> WHAT TO DO: Reproduce only the lines below from the line containing "本品は、浴室などの底面に密着" to the line containing "Dr.Trend Premium sucha", exactly as written, with both end lines kept. Omit the pictures.

> INPUT DATA:

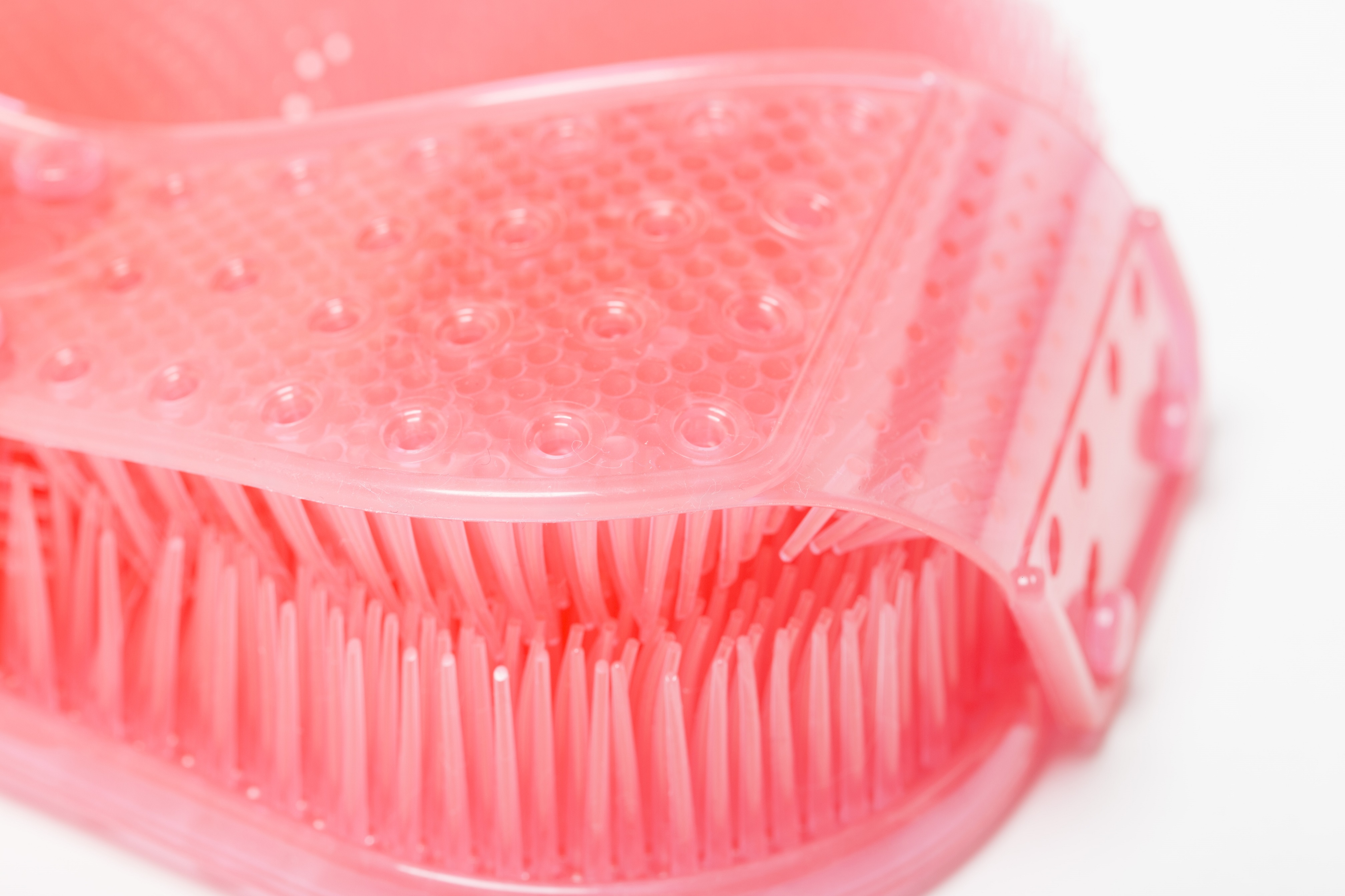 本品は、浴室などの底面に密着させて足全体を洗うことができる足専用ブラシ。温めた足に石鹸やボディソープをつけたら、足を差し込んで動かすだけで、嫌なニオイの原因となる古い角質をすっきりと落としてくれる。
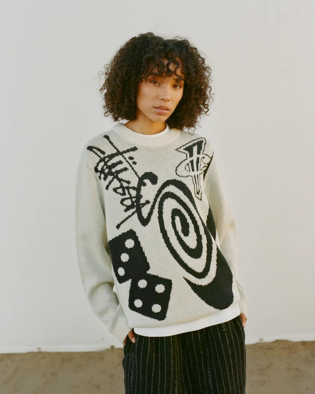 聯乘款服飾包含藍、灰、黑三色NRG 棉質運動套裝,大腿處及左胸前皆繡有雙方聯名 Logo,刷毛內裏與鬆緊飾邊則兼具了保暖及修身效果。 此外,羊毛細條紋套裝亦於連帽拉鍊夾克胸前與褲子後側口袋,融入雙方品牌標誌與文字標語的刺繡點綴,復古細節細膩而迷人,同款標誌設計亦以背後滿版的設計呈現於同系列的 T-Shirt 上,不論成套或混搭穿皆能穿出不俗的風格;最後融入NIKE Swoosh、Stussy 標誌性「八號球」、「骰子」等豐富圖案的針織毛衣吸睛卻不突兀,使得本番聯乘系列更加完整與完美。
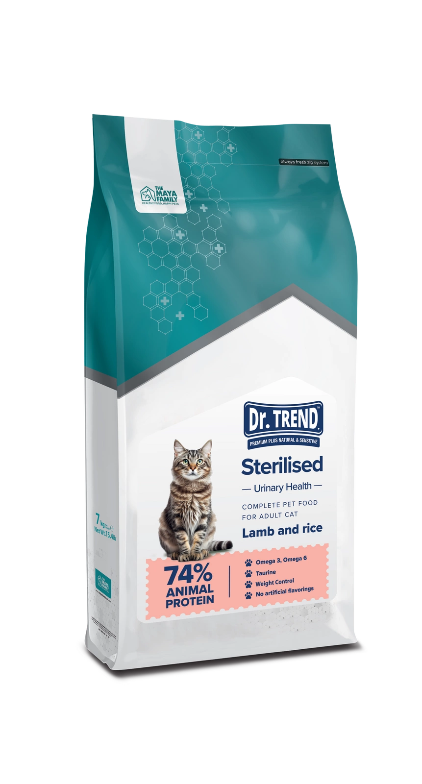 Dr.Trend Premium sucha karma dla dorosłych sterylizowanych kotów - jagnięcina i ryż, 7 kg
==
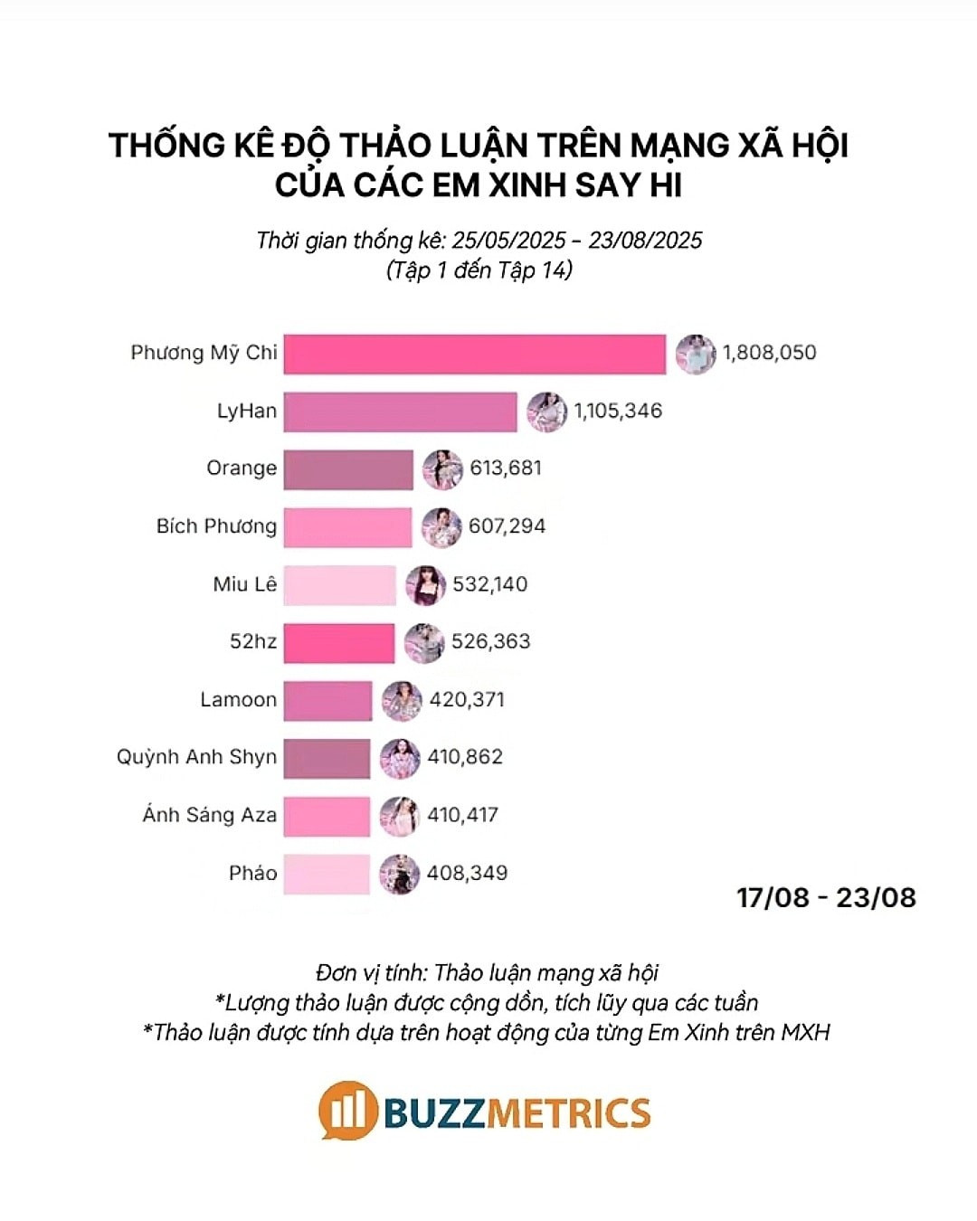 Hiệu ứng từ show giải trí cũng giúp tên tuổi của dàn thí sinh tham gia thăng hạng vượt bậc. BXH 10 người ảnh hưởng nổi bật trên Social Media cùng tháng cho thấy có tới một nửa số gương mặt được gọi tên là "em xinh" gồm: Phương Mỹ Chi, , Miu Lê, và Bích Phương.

> RESPONSE BELOW:
 本品は、浴室などの底面に密着させて足全体を洗うことができる足専用ブラシ。温めた足に石鹸やボディソープをつけたら、足を差し込んで動かすだけで、嫌なニオイの原因となる古い角質をすっきりと落としてくれる。
 聯乘款服飾包含藍、灰、黑三色NRG 棉質運動套裝,大腿處及左胸前皆繡有雙方聯名 Logo,刷毛內裏與鬆緊飾邊則兼具了保暖及修身效果。 此外,羊毛細條紋套裝亦於連帽拉鍊夾克胸前與褲子後側口袋,融入雙方品牌標誌與文字標語的刺繡點綴,復古細節細膩而迷人,同款標誌設計亦以背後滿版的設計呈現於同系列的 T-Shirt 上,不論成套或混搭穿皆能穿出不俗的風格;最後融入NIKE Swoosh、Stussy 標誌性「八號球」、「骰子」等豐富圖案的針織毛衣吸睛卻不突兀,使得本番聯乘系列更加完整與完美。
 Dr.Trend Premium sucha karma dla dorosłych sterylizowanych kotów - jagnięcina i ryż, 7 kg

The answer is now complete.